WORK TO COMPLETE -
Take the entries below and print only the lines from the one with "A group of nine" through the one with "Λίγο μετά τις", exactly as they stand, both ends included.

INPUT -
--- START ---

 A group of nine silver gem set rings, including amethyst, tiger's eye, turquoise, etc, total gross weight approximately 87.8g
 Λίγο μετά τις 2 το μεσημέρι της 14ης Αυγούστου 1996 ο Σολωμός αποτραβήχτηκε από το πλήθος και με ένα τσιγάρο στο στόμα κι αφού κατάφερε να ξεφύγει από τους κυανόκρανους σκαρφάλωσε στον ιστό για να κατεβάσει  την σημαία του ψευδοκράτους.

--- END ---
--- START ---

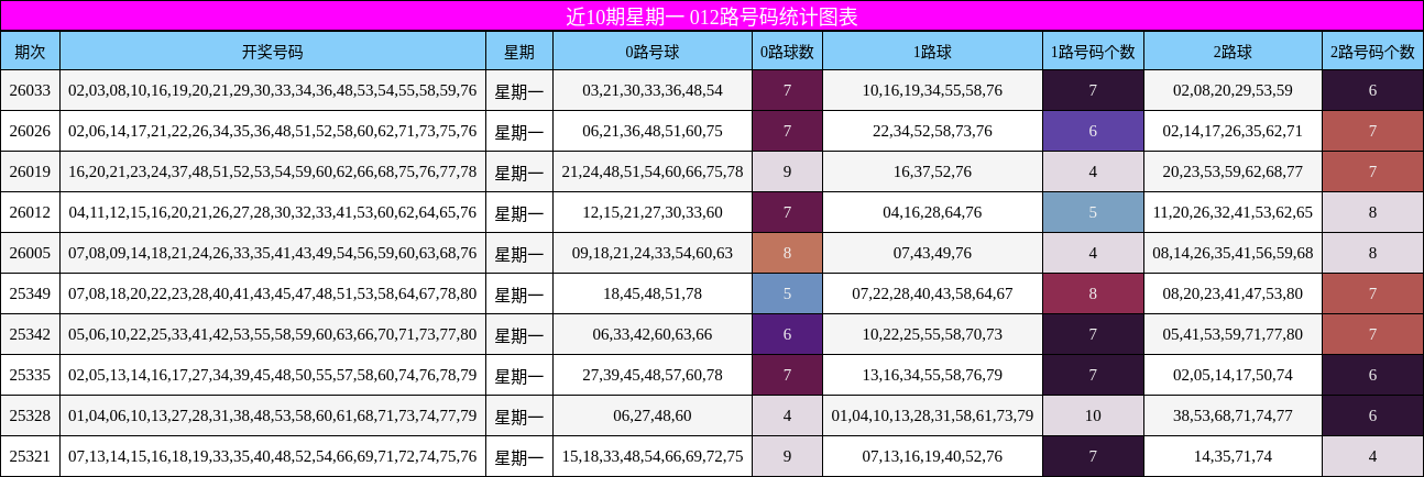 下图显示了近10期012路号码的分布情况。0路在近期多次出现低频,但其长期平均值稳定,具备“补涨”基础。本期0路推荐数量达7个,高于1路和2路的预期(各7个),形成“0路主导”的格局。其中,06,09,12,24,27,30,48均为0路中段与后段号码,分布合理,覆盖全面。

--- END ---
--- START ---

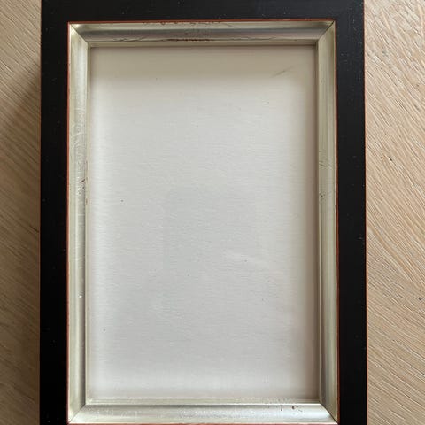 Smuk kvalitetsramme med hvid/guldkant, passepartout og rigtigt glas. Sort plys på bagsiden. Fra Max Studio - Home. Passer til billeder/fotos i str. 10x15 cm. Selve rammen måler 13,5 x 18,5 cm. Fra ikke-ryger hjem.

--- END ---

RESPONSE AREA -
 A group of nine silver gem set rings, including amethyst, tiger's eye, turquoise, etc, total gross weight approximately 87.8g
 Λίγο μετά τις 2 το μεσημέρι της 14ης Αυγούστου 1996 ο Σολωμός αποτραβήχτηκε από το πλήθος και με ένα τσιγάρο στο στόμα κι αφού κατάφερε να ξεφύγει από τους κυανόκρανους σκαρφάλωσε στον ιστό για να κατεβάσει  την σημαία του ψευδοκράτους.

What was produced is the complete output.